### Problem
Return each of the entries below precisely, with no pictures in the result.

(Supplied entries begins)

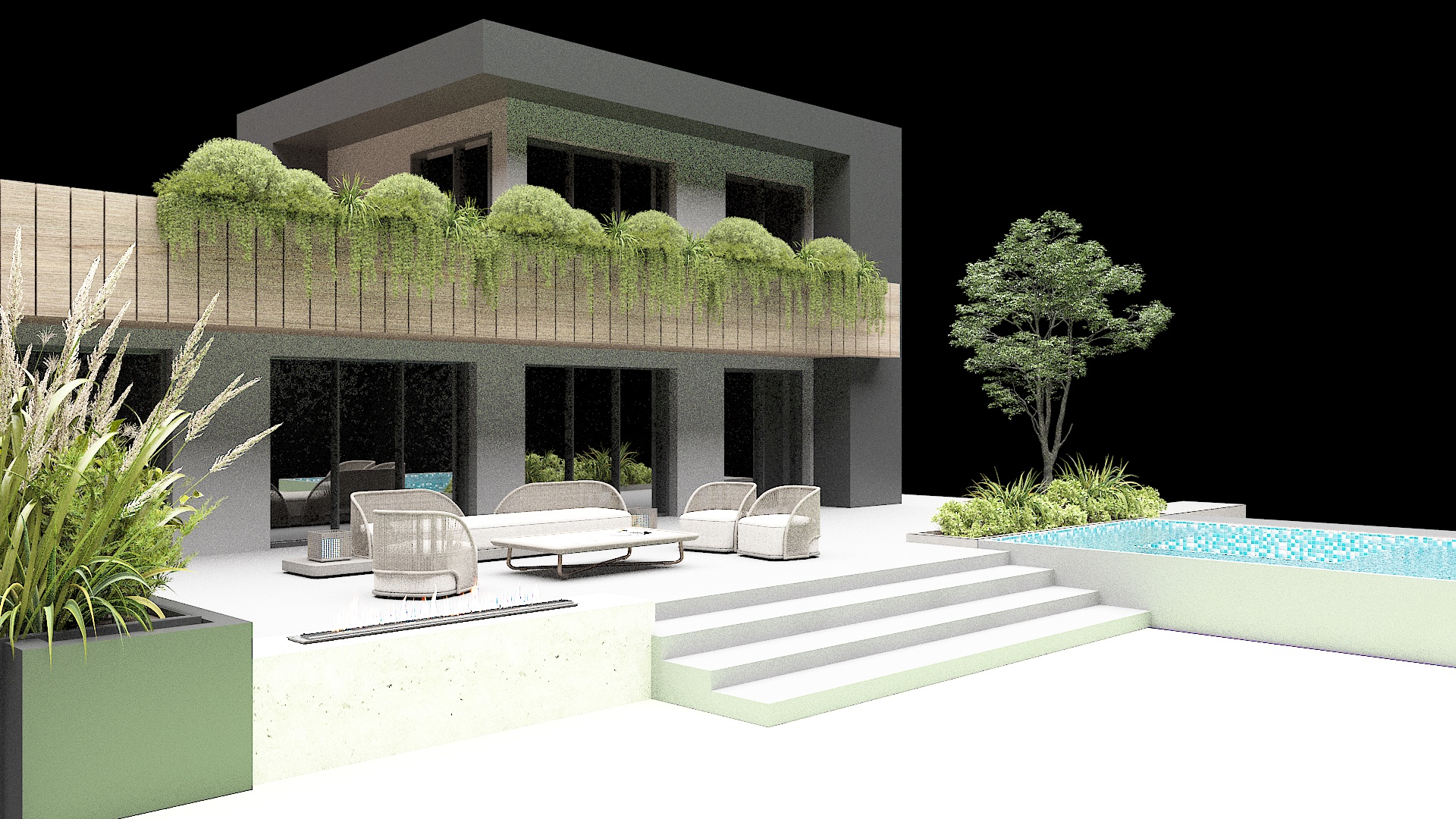 create hyper realistic rendering of this contemporary house with expose concrete light gray as well as gray black element on the facade large glass minimalist windows and put all the wooden elemets in the picture in an inconspicuous wood decor make the grass hyper realistic as well as the grey tiles in the front of the house the water in the pool tp laze gently in the sun and a realistic picture of the water in the poolitself morning hour lightening with soft shadows and realistic reflection do not change elements in the picture and do not add new elements
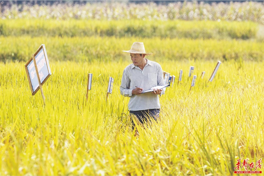 9月1日,龙山县石羔街道干比社区试验田,科技人员在观察和记录水稻成熟期的生长状况。这次进行的水稻栽种试验属湖南省水稻省级品种区域试验,约300个水稻品种,占地约150余亩稻田,在该县石羔街道干比社区和泗坪村分两片进行。曾祥辉 摄
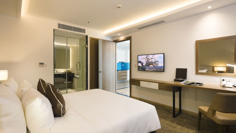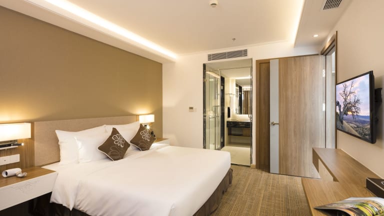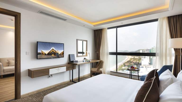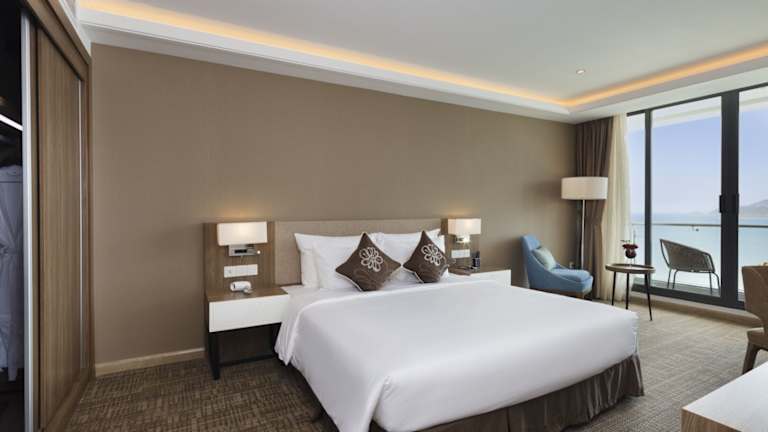 Die 241 Zimmer des Comodo Nha Trang Hotels sind komfortabel und modern eingerichtet. Jedes Zimmer verfügt über Annehmlichkeiten wie kostenloses WLAN, Roomservice und ein eigenes Badezimmer mit Badewanne oder Dusche. Für zusätzlichen Komfort stehen den Gästen auch Hausschuhe zur Verfügung.
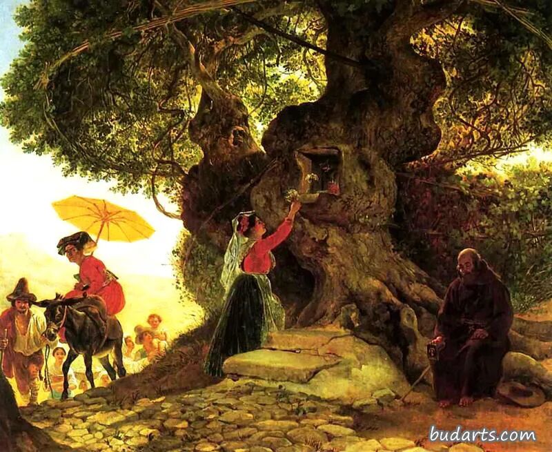 《博戈罗迪茨基橡树》,橡树虬根盘绕,枝繁叶茂,估计路过的人把它当作神树,都要上前祭奠这棵老橡树,以此保佑她们一路顺风!
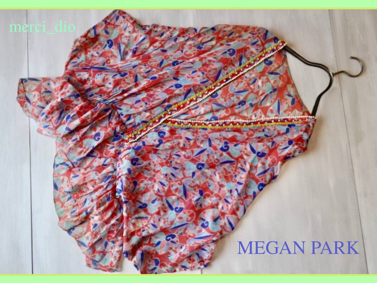 > 定価¥76000!ミーガンパーク MEGAN PARK シルク100% テキスタイル ビーズ ビジュー デザインブラウス 深V ロンドン フレア ドゥーズィエム
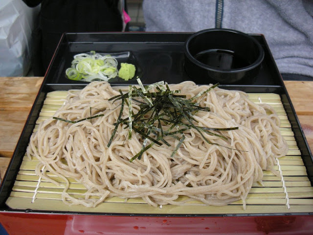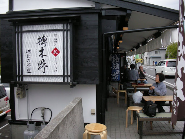 參觀完畢,在前往松本城途中,經過一小店,有手打soba,決定就在這兒午餐。見鄰桌大叔們說牛肉串燒oishi,我們每人也要了一串(@ 500yen),另外朋友要了冷麵,@ 650yen;我則點了山菜soba,@ 550yen。怎知店員誤會了朋友的意思,來了串不知甚麼糰子,只好再order了一個冷麵。這串糰子,完全不是我們那一杯茶,只是勉強吞下。期待甚欣的牛肉串燒,竟然只是略為燒了燒表面,內裏還是凍的,比高山朝市那一串還貴,但食味就相差丈遠。

(Supplied entries ends)

### Task solution
 create hyper realistic rendering of this contemporary house with expose concrete light gray as well as gray black element on the facade large glass minimalist windows and put all the wooden elemets in the picture in an inconspicuous wood decor make the grass hyper realistic as well as the grey tiles in the front of the house the water in the pool tp laze gently in the sun and a realistic picture of the water in the poolitself morning hour lightening with soft shadows and realistic reflection do not change elements in the picture and do not add new elements
 9月1日,龙山县石羔街道干比社区试验田,科技人员在观察和记录水稻成熟期的生长状况。这次进行的水稻栽种试验属湖南省水稻省级品种区域试验,约300个水稻品种,占地约150余亩稻田,在该县石羔街道干比社区和泗坪村分两片进行。曾祥辉 摄
 Die 241 Zimmer des Comodo Nha Trang Hotels sind komfortabel und modern eingerichtet. Jedes Zimmer verfügt über Annehmlichkeiten wie kostenloses WLAN, Roomservice und ein eigenes Badezimmer mit Badewanne oder Dusche. Für zusätzlichen Komfort stehen den Gästen auch Hausschuhe zur Verfügung.
 《博戈罗迪茨基橡树》,橡树虬根盘绕,枝繁叶茂,估计路过的人把它当作神树,都要上前祭奠这棵老橡树,以此保佑她们一路顺风!
 > 定価¥76000!ミーガンパーク MEGAN PARK シルク100% テキスタイル ビーズ ビジュー デザインブラウス 深V ロンドン フレア ドゥーズィエム
 參觀完畢,在前往松本城途中,經過一小店,有手打soba,決定就在這兒午餐。見鄰桌大叔們說牛肉串燒oishi,我們每人也要了一串(@ 500yen),另外朋友要了冷麵,@ 650yen;我則點了山菜soba,@ 550yen。怎知店員誤會了朋友的意思,來了串不知甚麼糰子,只好再order了一個冷麵。這串糰子,完全不是我們那一杯茶,只是勉強吞下。期待甚欣的牛肉串燒,竟然只是略為燒了燒表面,內裏還是凍的,比高山朝市那一串還貴,但食味就相差丈遠。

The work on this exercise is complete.